-- WHAT IS NEEDED --
What you should give back is a precise copy of the lines below from the one containing "Photo 1: CCJV" through the one containing "Long-eared Owl", with no pictures.

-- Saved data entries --
▽

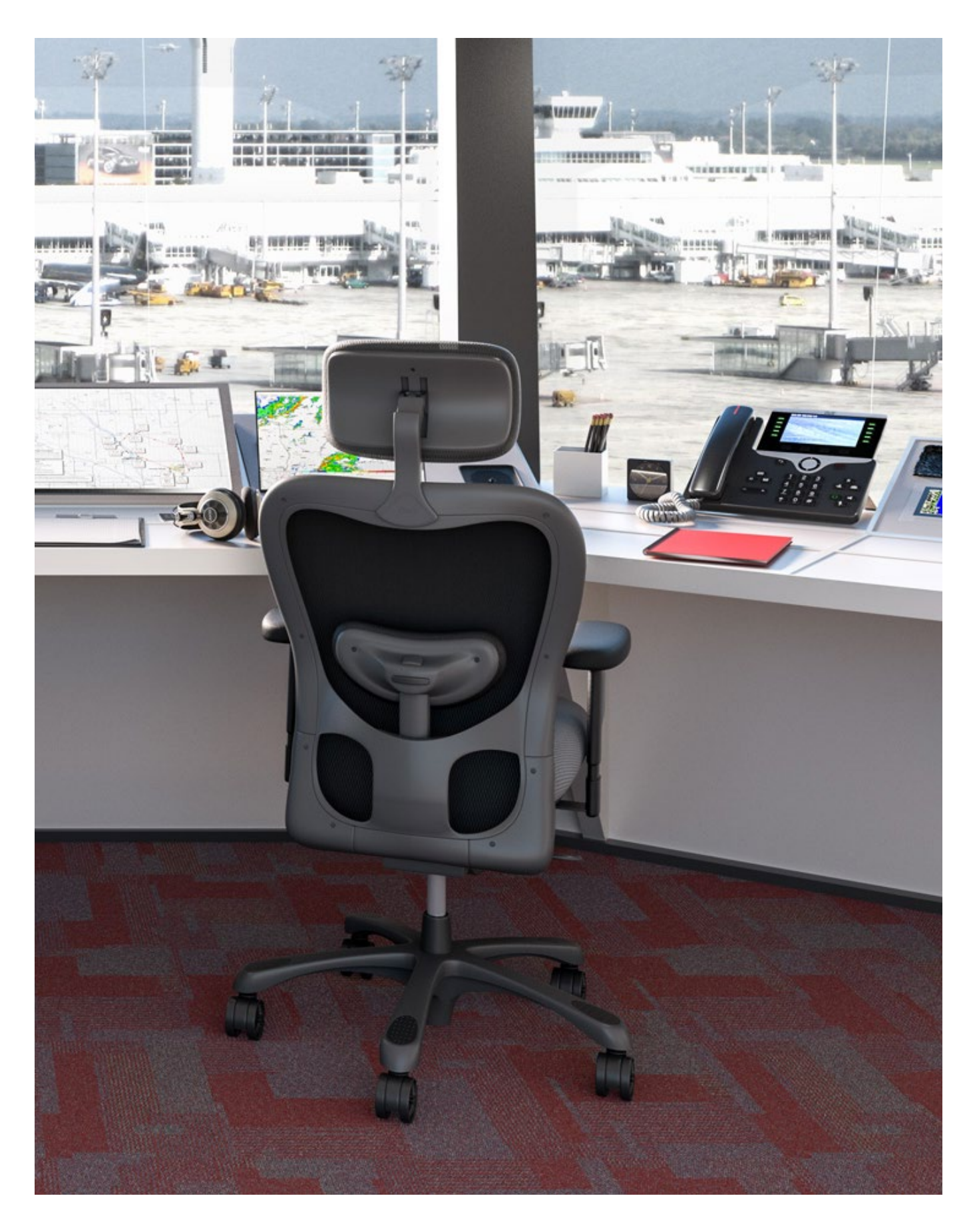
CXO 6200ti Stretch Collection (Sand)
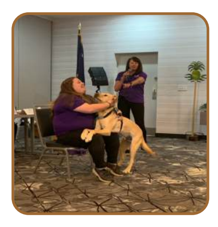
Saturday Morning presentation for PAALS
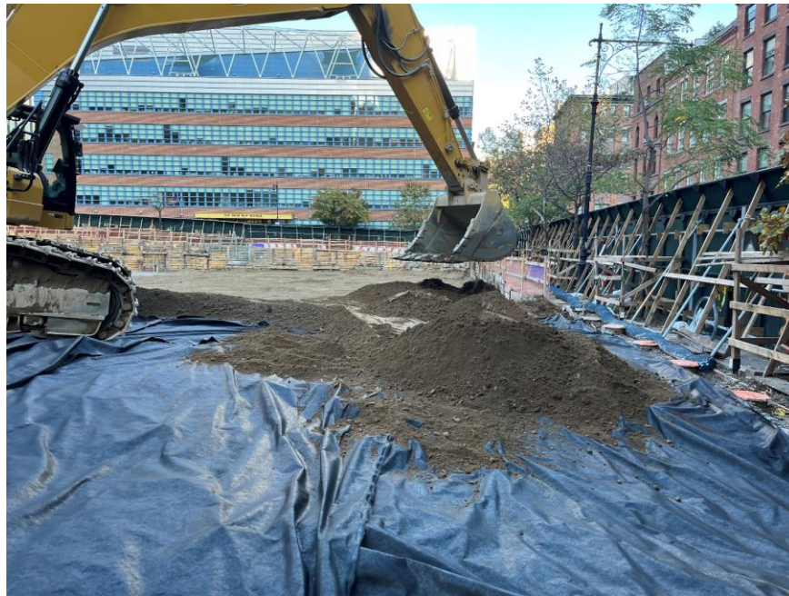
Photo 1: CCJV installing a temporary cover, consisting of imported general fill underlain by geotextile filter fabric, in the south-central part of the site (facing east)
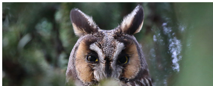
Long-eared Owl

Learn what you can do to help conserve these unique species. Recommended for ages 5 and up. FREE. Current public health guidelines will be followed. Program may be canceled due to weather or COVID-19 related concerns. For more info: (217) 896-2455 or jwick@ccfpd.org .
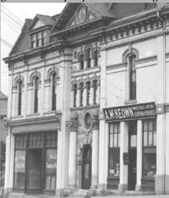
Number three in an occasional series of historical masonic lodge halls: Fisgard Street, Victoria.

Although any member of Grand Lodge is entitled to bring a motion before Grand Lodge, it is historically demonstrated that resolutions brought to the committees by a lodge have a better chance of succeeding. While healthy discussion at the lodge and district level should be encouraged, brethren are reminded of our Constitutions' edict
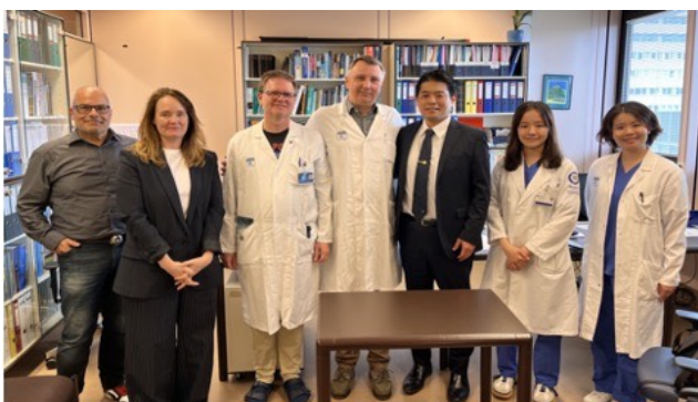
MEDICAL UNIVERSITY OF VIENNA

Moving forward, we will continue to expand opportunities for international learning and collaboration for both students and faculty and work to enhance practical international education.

△

-- ANSWER BELOW --
Photo 1: CCJV installing a temporary cover, consisting of imported general fill underlain by geotextile filter fabric, in the south-central part of the site (facing east)
Long-eared Owl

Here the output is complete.